The truth is, much of what is called data science is based in statistics. Unfortunately, due to some re-inventing of wheels, erroneous claims, and the like, this is often not recognized. And, perhaps understandably, this has caused a great deal of fear and loathing for the term “data science” from many statisticians.
This is likely why (at least some) statisticians are attacking data science, which is probably the wrong move. I call myself a statistician and a data scientist. I know enough about computation, programming, business, etc., that I can deem myself worthy of the latter title, especially since I have a rather large amount of statistical knowledge. (The other unfortunate thing about the title data scientist is that it seemed to spring from the ether… which means there is no one acceptable definition of the term. This is getting long, so I won’t gripe about that.) Statisticians, in my opinion, anyway, should embrace the term data science, and, for the good of all, make sure there is enough solid statistics in the field so there aren’t critical applications failing because said statistics is absent.

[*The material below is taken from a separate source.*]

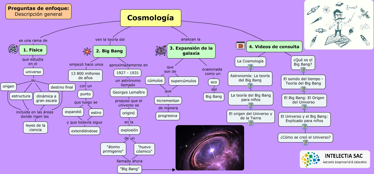 Este Cmap, tiene información relacionada con: Cosmología, 4. Videos de consulta ¿Qué es el Big Bang?, Cosmología es una rama de 1. Física, origen incluida en las áreas donde rigen las leyes de la ciencia, expandió y que todavía sigue extendiéndose, supercúmulos que incrementan, 3. Expansión de la galaxia que son de cúmulos, 13 800 millones de años con un punto, 3. Expansión de la galaxia ocasionada como un eco, universo su estructura, "átomo primigenio" llamado ahora "Big Bang", universo su origen, universo su destino final, 3. Expansión de la galaxia que son de supercúmulos, Cosmología ven la teoría del 2. Big Bang, incrementan de manera progresiva, 1927 - 1931 un astrónomo llamado Georges Lemaître, 2. Big Bang aproximadamente en 1927 - 1931, 4. Videos de consulta La Cosmología, punto que luego se expandió, eco del Big Bang
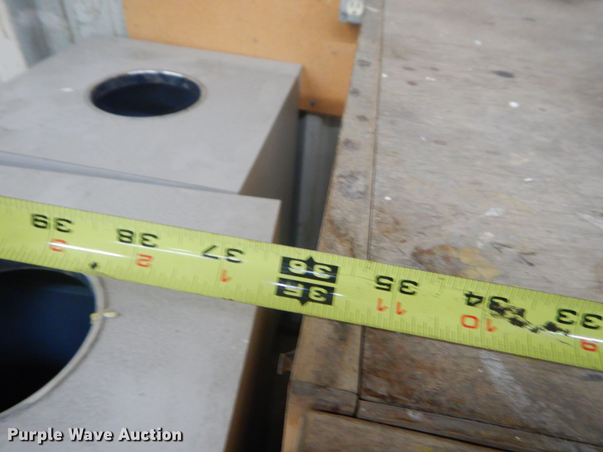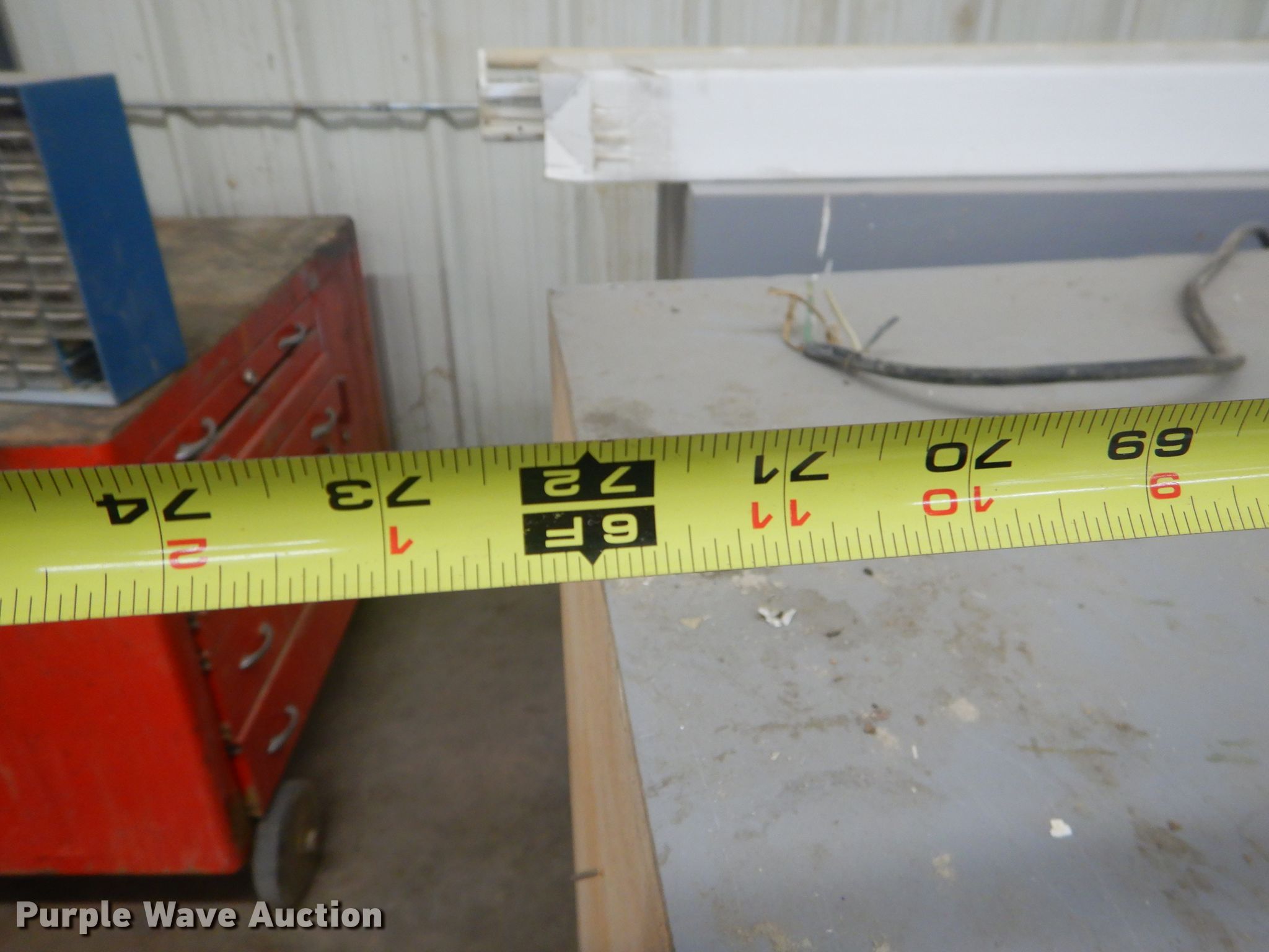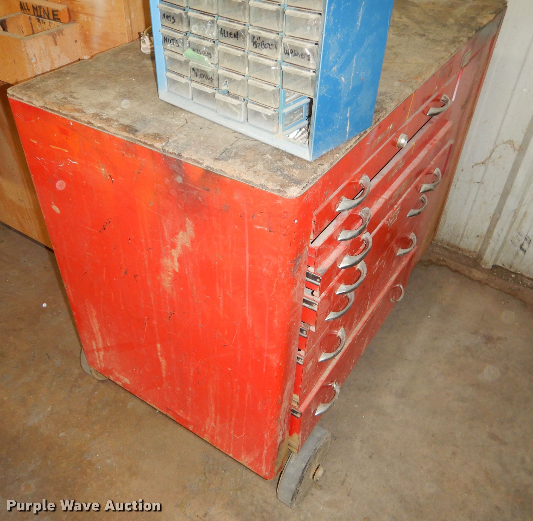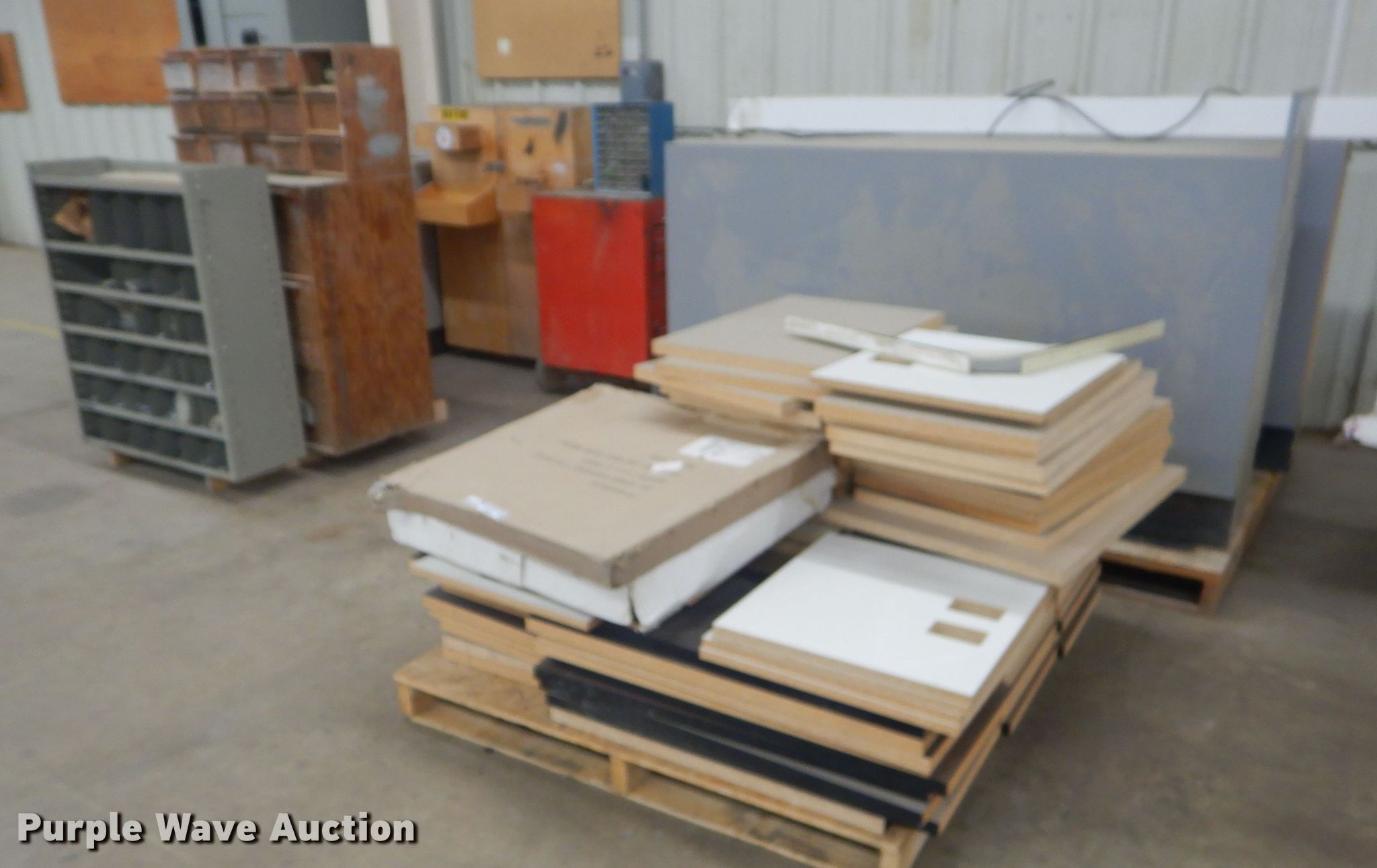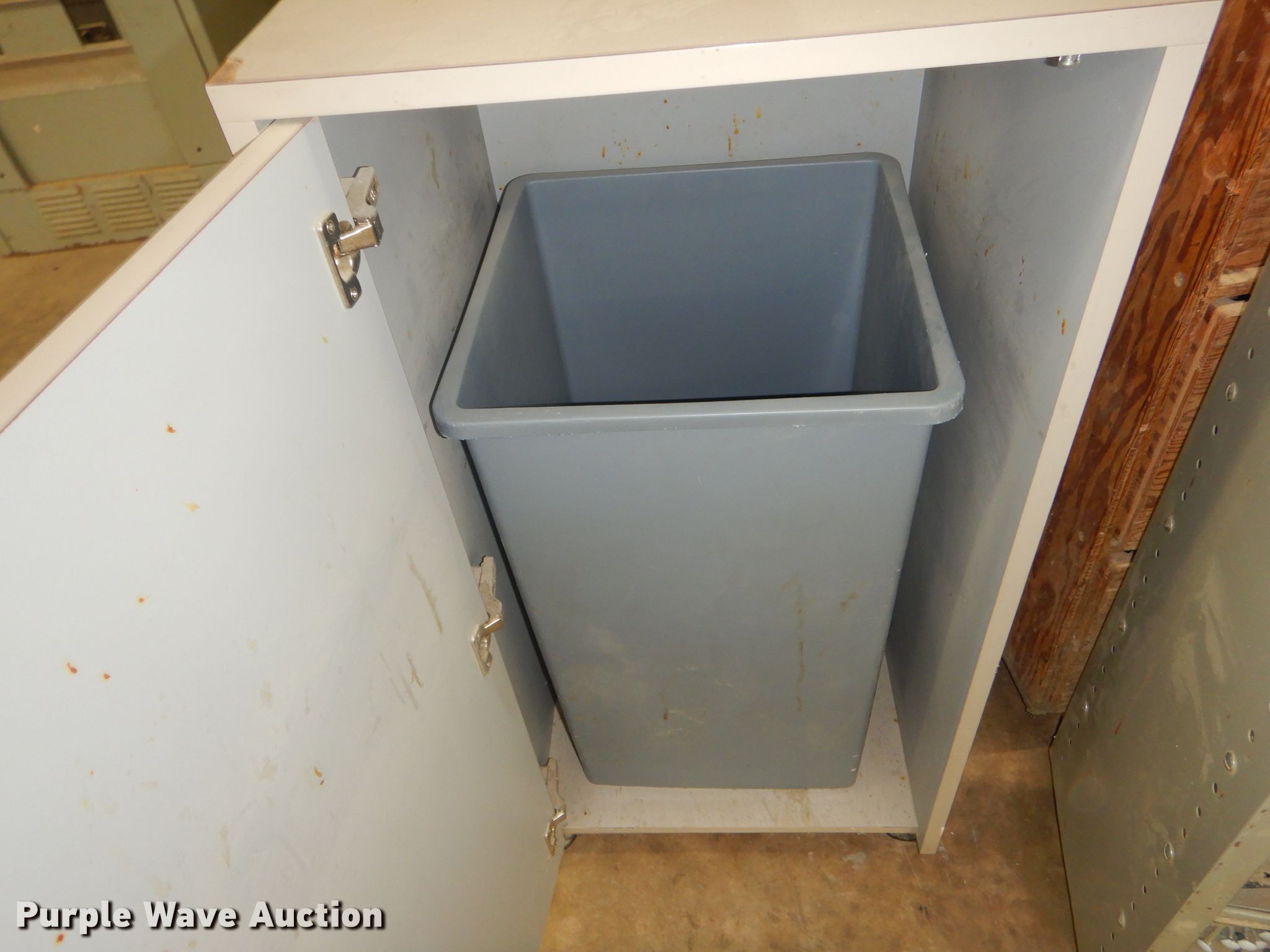 Purple Wave is selling a used Shelving and Storage in Kansas. This item is a Storage units with the following: Fluorescent light fixture, (4) additional bulbs, 6' x 2' x 43" wood cabinet, 2' x 45" seven drawer metal cabinet, Plastic cabinet, (45) drawers, One drawer missing, Wood cabinet, 2' x 3' x 51", (4) shelves, Lockable, Wood cabinet, 39" x 20" x 57", (24) drawers, Metal bin cabinet, 3' x 40", Assorted nuts and bolts, (5) trash containers, 20" x 20" x 41"

So… I think those who attacked, well, they don’t have their priorities right. They’re so firm for the word statistics and against the name data science that they don’t see they could make a lasting impression by building up data science, but supporting it.
One last thing. For the sample variance, you were both right and wrong for having division by n instead of n – 1. The maximum likelihood estimator of the variance divides by n. However, it’s biased. The -1 is in the denominator simply because (most) applications work better when the sample variance is unbiased. However, there are cases when having a biased estimator improves prediction.
Those opposing kinds of discussions between data science, research and statistics mystifies me. Especially with data science. It’s all the same, scientists form a question, collect data, design the research and statistical method to find solid conclusions and answers.
Robert, I totally agree. And yours is one definition of data science. It’s one of the few that works. Unfortunately, I have seen advocates of “data science” basically say if you throw enough data at some algorithm the result should be correct. Never mind that they are often making wild assumptions that, usually, they don’t know they are making.
However, I think data science, as a whole, may be starting to become more of a coherent practice, at least I hope. I must admit that I am seeing fewer grand claims with absolutely no theory or scientific principles to back them up. Then again, I could be looking in the wrong places.